**DATASET EXCERPTS**:
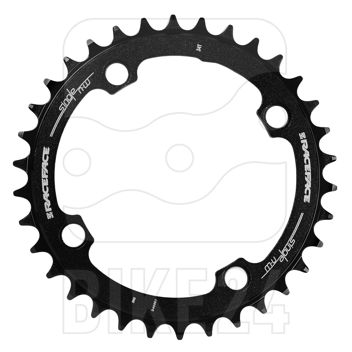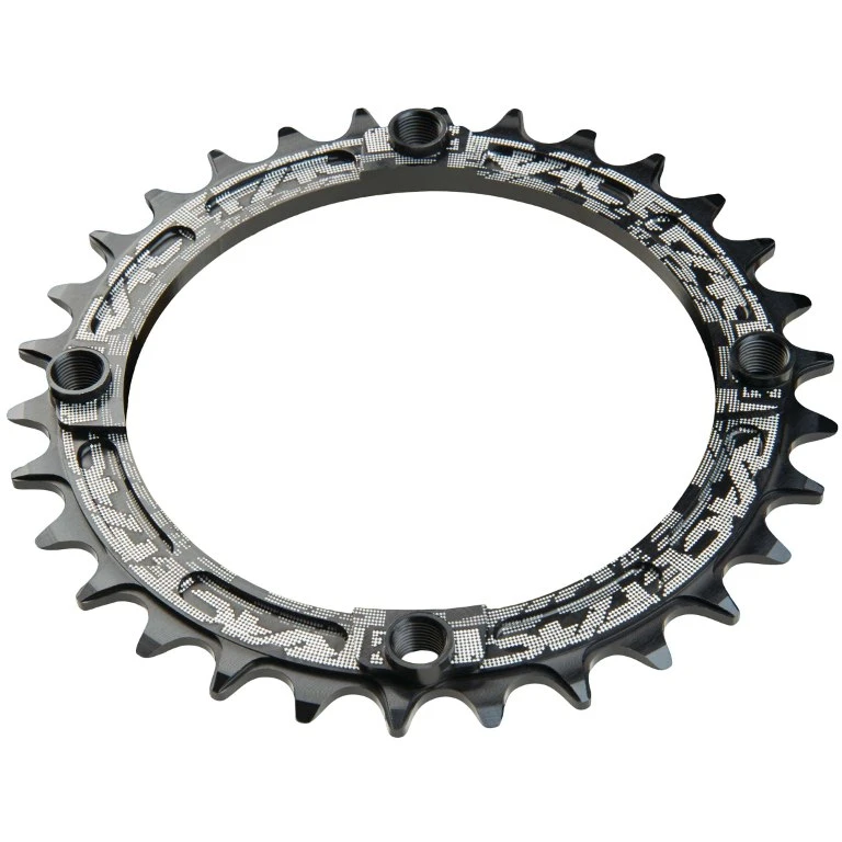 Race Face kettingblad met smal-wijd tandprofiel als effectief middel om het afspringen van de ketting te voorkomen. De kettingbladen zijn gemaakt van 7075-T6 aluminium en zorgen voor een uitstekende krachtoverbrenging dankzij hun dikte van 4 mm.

...

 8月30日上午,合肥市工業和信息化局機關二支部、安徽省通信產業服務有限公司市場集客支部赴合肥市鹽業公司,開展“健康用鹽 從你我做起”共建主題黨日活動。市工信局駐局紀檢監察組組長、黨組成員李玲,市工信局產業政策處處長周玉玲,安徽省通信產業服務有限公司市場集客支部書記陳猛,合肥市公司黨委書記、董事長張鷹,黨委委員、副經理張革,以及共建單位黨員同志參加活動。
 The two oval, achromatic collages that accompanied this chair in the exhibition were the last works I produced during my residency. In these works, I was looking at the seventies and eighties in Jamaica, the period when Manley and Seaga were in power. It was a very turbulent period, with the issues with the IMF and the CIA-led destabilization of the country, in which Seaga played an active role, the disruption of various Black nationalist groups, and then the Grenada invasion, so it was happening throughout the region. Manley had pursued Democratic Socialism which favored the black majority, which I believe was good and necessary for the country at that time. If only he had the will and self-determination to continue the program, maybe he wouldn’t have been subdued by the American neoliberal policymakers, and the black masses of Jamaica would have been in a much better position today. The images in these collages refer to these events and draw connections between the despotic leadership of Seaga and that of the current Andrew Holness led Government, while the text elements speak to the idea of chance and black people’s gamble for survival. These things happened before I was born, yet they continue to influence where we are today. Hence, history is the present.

* * *

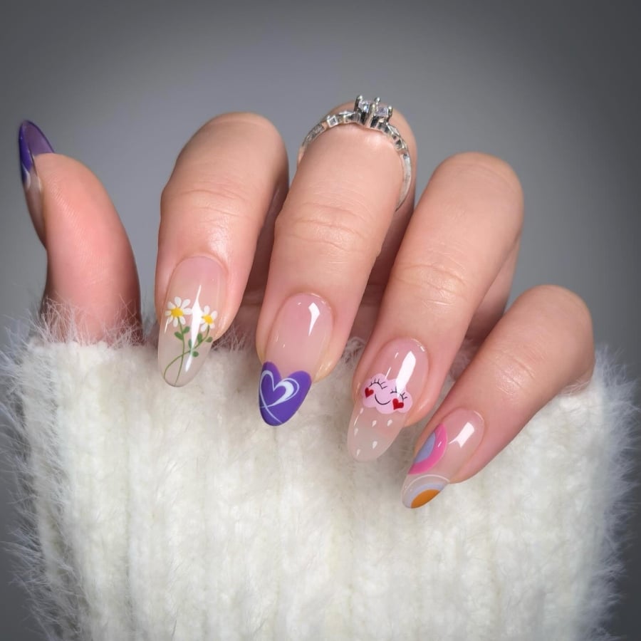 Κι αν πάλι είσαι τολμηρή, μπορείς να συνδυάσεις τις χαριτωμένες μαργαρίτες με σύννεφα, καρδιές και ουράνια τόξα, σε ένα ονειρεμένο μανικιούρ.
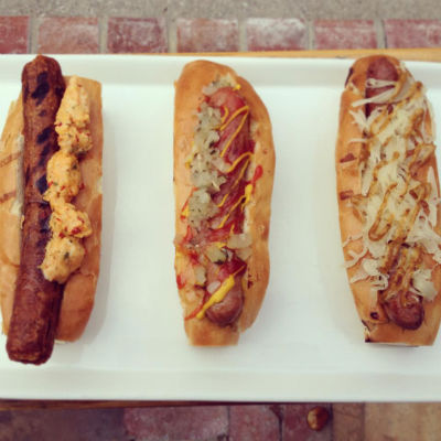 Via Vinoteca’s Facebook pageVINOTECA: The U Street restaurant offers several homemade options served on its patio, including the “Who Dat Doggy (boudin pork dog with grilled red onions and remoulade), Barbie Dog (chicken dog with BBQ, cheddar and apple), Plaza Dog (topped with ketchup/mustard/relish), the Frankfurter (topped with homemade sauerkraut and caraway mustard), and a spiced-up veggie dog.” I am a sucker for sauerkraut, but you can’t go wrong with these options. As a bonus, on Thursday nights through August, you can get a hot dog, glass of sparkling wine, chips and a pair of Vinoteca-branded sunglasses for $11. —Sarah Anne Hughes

**WHAT THE TASK REQUIRES**:
Text only, no pictures: please print exactly the lines above from the line with "Κι αν πάλι είσαι" up to and including the line with "Via Vinoteca’s Facebook", and nothing else.

**SOLUTION**:
 Κι αν πάλι είσαι τολμηρή, μπορείς να συνδυάσεις τις χαριτωμένες μαργαρίτες με σύννεφα, καρδιές και ουράνια τόξα, σε ένα ονειρεμένο μανικιούρ.
 Via Vinoteca’s Facebook pageVINOTECA: The U Street restaurant offers several homemade options served on its patio, including the “Who Dat Doggy (boudin pork dog with grilled red onions and remoulade), Barbie Dog (chicken dog with BBQ, cheddar and apple), Plaza Dog (topped with ketchup/mustard/relish), the Frankfurter (topped with homemade sauerkraut and caraway mustard), and a spiced-up veggie dog.” I am a sucker for sauerkraut, but you can’t go wrong with these options. As a bonus, on Thursday nights through August, you can get a hot dog, glass of sparkling wine, chips and a pair of Vinoteca-branded sunglasses for $11. —Sarah Anne Hughes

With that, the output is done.